- Exercise instructions
Look through the records below for the line with "En Baja California" and the line with "On one side", then return those lines and all lines between, exactly.

Data for processing: Begin

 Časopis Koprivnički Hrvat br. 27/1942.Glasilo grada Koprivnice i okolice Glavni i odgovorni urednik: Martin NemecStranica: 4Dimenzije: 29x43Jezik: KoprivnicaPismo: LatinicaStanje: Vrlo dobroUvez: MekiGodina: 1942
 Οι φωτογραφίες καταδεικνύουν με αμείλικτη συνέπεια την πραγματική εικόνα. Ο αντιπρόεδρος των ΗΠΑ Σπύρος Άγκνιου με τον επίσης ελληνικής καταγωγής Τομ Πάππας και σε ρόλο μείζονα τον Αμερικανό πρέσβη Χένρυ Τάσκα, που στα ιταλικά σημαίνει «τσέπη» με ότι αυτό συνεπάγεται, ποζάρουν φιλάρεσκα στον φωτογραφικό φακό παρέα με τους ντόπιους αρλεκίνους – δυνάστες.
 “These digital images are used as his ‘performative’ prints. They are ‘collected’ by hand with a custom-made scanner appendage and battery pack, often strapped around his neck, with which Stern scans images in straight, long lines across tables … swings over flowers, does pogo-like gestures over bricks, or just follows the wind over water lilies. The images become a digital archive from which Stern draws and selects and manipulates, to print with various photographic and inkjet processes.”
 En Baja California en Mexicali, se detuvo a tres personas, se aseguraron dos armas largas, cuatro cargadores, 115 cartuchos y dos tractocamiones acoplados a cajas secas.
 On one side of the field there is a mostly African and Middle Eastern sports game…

Data for processing: End
Data for processing: Begin

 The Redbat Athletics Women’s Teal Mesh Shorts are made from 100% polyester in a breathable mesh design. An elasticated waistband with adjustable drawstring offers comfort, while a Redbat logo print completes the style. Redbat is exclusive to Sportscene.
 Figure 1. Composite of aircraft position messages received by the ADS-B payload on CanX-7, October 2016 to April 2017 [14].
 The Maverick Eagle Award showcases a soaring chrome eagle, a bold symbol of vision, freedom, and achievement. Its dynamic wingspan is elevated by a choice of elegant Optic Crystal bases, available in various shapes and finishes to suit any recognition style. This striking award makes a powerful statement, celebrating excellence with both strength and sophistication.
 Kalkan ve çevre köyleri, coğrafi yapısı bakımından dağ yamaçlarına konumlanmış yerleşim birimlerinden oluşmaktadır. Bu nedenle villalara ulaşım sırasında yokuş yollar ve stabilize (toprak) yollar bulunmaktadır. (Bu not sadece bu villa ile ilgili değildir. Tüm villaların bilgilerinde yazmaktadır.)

Data for processing: End

- Task solution
 En Baja California en Mexicali, se detuvo a tres personas, se aseguraron dos armas largas, cuatro cargadores, 115 cartuchos y dos tractocamiones acoplados a cajas secas.
 On one side of the field there is a mostly African and Middle Eastern sports game…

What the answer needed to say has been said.